# What this task involves:
The whole listing that follows, pictures excepted, should be printed again exactly as given.

# The data:
......

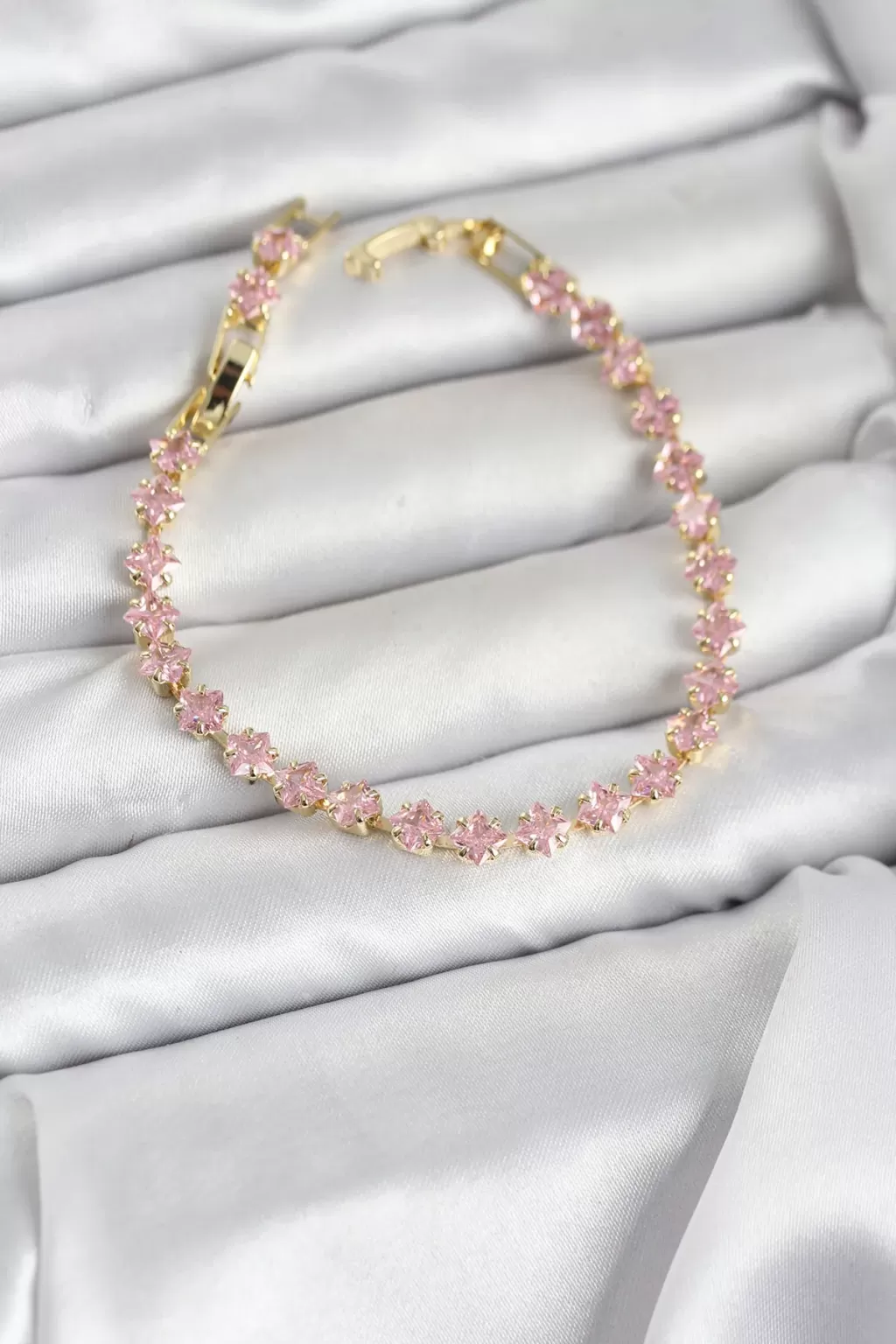Pembe Kare Zirkon Taşlı Gold Renk Pirinç Su Yolu Kadın Bileklik
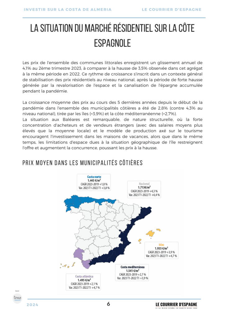La croissance moyenne des prix au cours des 5 dernières années depuis le début de la pandémie dans l’ensemble des municipalités côtières a été de 2,8% (contre 4,3% au niveau national), tirée par les îles (+3,9%) et la côte méditerranéenne (+2,7%).
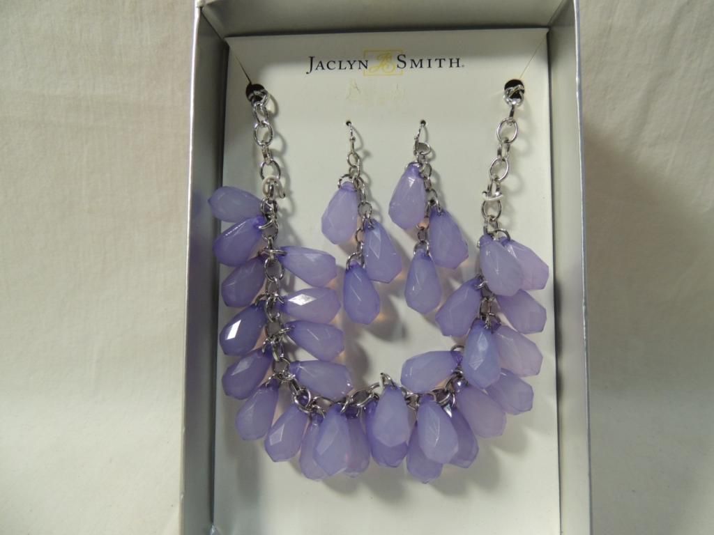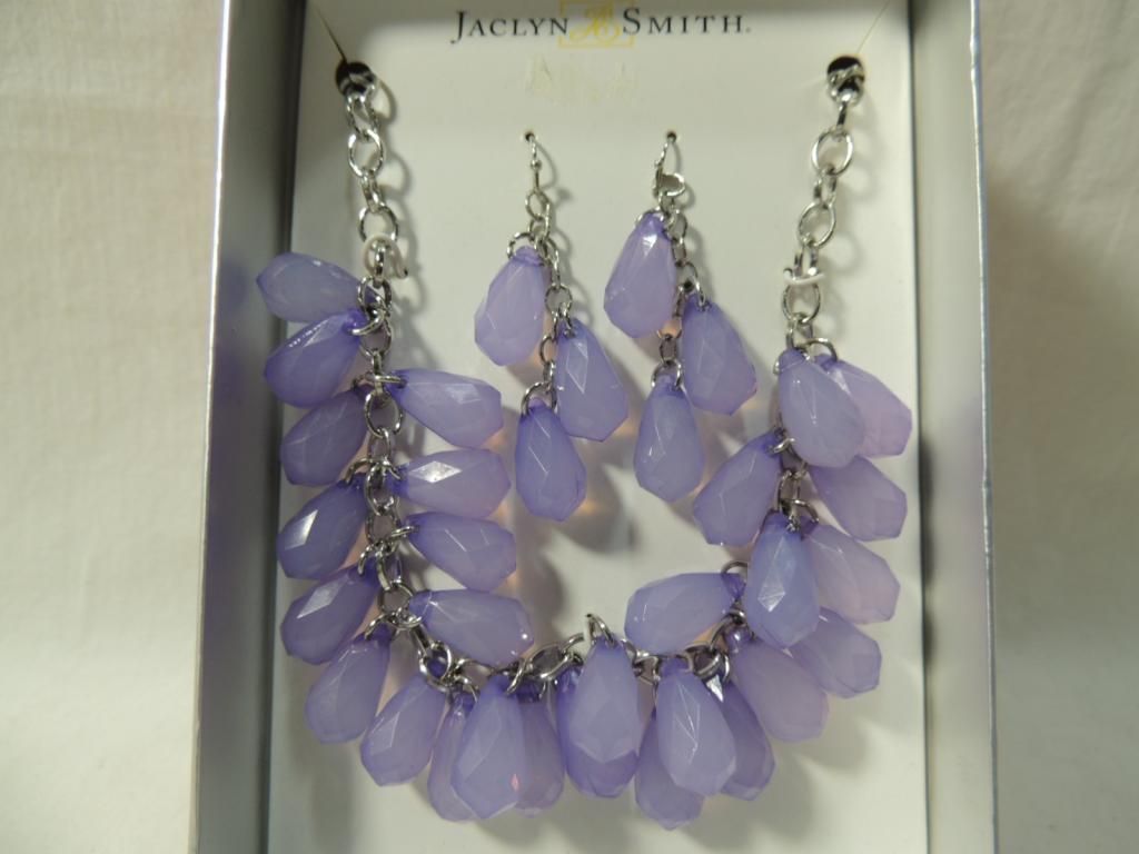 PURPLE BEADED NECKLACE & EARRING SET. SILVERTONE CHAIN MATCHING SET. TEAR DROP BEAD. COSTUME JEWELRY. NEW IN BOX. FASHION JEWELRY. COLLECTIBLE JACLYN SMITH DESIGNER JEWELRY. AS SHOWN. SEE PHOTO FOR MORE DETAILS.

......

# Result:
Pembe Kare Zirkon Taşlı Gold Renk Pirinç Su Yolu Kadın Bileklik
La croissance moyenne des prix au cours des 5 dernières années depuis le début de la pandémie dans l’ensemble des municipalités côtières a été de 2,8% (contre 4,3% au niveau national), tirée par les îles (+3,9%) et la côte méditerranéenne (+2,7%).
 PURPLE BEADED NECKLACE & EARRING SET. SILVERTONE CHAIN MATCHING SET. TEAR DROP BEAD. COSTUME JEWELRY. NEW IN BOX. FASHION JEWELRY. COLLECTIBLE JACLYN SMITH DESIGNER JEWELRY. AS SHOWN. SEE PHOTO FOR MORE DETAILS.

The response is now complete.